■ **Data shown**:
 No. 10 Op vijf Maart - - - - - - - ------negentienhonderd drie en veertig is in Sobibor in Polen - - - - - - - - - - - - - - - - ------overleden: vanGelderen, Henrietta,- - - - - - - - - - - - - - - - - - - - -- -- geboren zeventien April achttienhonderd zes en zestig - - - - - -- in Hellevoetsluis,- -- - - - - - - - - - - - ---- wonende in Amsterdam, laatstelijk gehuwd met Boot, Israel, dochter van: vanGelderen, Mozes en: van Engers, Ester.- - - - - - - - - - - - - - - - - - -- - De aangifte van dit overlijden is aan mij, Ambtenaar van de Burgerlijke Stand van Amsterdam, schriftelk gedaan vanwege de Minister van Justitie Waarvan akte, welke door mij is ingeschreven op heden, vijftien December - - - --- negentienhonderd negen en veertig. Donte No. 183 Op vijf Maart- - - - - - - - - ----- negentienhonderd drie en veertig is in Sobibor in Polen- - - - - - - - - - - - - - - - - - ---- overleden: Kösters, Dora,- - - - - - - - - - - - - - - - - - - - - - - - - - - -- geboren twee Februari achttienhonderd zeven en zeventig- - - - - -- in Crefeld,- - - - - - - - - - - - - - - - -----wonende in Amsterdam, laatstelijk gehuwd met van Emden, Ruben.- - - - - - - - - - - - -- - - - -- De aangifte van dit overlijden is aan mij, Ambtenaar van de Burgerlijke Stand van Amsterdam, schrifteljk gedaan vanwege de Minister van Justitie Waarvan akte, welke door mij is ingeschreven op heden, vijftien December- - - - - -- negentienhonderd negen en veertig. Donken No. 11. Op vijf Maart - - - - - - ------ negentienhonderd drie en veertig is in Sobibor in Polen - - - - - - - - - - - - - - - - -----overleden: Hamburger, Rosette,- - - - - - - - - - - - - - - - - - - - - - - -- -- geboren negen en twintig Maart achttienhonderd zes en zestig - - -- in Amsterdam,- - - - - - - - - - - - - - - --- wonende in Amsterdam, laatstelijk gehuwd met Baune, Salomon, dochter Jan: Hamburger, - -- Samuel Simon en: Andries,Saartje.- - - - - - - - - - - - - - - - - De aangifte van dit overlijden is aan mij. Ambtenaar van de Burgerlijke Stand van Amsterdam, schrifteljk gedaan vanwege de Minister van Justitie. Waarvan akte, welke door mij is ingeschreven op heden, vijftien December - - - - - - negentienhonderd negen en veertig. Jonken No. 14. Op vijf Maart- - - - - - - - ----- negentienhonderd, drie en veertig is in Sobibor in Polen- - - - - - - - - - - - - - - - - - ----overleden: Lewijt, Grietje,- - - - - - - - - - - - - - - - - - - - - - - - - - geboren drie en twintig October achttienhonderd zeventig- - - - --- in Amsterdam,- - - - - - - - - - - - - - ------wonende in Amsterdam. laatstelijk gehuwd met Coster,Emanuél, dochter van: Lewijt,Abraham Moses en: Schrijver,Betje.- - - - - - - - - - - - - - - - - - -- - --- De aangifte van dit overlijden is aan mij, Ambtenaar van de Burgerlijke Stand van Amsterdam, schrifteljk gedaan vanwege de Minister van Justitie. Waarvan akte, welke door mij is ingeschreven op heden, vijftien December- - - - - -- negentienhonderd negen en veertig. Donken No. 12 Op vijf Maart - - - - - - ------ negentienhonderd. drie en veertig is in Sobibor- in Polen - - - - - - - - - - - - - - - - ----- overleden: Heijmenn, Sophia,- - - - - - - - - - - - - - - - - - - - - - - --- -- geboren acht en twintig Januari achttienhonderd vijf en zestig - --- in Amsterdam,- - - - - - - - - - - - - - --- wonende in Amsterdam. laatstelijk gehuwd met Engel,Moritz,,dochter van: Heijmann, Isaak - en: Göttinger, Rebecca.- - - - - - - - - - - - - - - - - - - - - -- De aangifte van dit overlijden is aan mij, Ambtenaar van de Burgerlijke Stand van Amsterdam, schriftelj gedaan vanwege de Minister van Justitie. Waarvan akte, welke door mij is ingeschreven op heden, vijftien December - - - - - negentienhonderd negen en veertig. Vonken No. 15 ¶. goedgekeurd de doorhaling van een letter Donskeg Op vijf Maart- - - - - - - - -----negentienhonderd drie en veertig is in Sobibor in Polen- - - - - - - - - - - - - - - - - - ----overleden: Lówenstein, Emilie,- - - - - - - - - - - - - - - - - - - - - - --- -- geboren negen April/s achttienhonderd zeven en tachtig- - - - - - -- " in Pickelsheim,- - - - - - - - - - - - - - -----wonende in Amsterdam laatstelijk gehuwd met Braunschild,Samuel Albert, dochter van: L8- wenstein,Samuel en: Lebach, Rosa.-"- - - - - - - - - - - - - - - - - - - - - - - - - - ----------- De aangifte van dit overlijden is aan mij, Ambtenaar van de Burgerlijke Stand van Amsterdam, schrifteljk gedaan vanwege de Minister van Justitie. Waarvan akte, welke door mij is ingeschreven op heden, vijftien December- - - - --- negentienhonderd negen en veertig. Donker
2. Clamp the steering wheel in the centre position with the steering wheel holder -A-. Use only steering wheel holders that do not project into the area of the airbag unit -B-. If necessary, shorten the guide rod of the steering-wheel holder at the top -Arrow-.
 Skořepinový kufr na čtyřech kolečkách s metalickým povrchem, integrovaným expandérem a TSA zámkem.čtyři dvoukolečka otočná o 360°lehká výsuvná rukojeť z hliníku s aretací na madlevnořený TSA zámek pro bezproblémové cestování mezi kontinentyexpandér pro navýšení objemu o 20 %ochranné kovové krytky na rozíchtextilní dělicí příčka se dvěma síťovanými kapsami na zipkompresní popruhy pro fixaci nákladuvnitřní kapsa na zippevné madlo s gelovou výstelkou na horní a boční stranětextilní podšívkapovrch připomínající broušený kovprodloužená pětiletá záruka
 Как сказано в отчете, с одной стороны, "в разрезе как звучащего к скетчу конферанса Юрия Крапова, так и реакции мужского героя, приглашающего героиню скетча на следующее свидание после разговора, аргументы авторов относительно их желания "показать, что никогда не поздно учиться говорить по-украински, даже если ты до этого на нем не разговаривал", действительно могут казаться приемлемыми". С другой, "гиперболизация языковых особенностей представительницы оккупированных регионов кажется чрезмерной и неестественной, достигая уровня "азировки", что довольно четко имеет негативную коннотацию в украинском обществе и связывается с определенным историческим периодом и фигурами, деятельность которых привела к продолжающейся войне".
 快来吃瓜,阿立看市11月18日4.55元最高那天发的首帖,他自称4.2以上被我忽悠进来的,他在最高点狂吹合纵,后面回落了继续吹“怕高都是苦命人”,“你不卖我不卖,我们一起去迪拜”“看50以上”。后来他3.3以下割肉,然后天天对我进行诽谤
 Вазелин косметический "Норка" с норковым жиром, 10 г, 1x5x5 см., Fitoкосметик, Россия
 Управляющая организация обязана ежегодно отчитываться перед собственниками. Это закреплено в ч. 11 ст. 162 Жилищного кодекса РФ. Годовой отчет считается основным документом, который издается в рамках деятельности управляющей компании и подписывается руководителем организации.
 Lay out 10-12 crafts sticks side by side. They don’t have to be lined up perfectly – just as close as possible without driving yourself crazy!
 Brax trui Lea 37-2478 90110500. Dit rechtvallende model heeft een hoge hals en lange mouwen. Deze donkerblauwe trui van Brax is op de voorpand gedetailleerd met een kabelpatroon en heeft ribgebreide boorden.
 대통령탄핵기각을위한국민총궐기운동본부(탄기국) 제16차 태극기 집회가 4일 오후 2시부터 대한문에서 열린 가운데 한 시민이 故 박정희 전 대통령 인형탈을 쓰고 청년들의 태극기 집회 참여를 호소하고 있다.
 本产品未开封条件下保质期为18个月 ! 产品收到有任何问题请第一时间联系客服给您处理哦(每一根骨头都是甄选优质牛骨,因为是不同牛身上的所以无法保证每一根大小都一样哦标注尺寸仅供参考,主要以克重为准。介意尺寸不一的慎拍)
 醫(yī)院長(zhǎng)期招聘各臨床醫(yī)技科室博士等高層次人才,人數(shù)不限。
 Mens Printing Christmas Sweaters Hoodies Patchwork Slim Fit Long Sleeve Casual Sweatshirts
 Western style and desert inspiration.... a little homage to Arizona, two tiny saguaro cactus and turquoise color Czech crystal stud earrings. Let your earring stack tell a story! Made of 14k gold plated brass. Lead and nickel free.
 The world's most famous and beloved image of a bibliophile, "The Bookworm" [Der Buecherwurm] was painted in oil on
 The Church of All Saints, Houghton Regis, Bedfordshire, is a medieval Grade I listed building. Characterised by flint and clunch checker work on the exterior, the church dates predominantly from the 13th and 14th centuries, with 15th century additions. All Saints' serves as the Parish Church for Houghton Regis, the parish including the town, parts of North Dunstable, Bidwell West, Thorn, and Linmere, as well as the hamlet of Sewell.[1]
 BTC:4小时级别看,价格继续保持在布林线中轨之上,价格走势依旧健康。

■ **Aim of the exercise**: Nothing should appear in the answer except the lines from the one containing "The Church of" to the end of the data above, reproduced exactly.

■ **Your solution**:
 The Church of All Saints, Houghton Regis, Bedfordshire, is a medieval Grade I listed building. Characterised by flint and clunch checker work on the exterior, the church dates predominantly from the 13th and 14th centuries, with 15th century additions. All Saints' serves as the Parish Church for Houghton Regis, the parish including the town, parts of North Dunstable, Bidwell West, Thorn, and Linmere, as well as the hamlet of Sewell.[1]
 BTC:4小时级别看,价格继续保持在布林线中轨之上,价格走势依旧健康。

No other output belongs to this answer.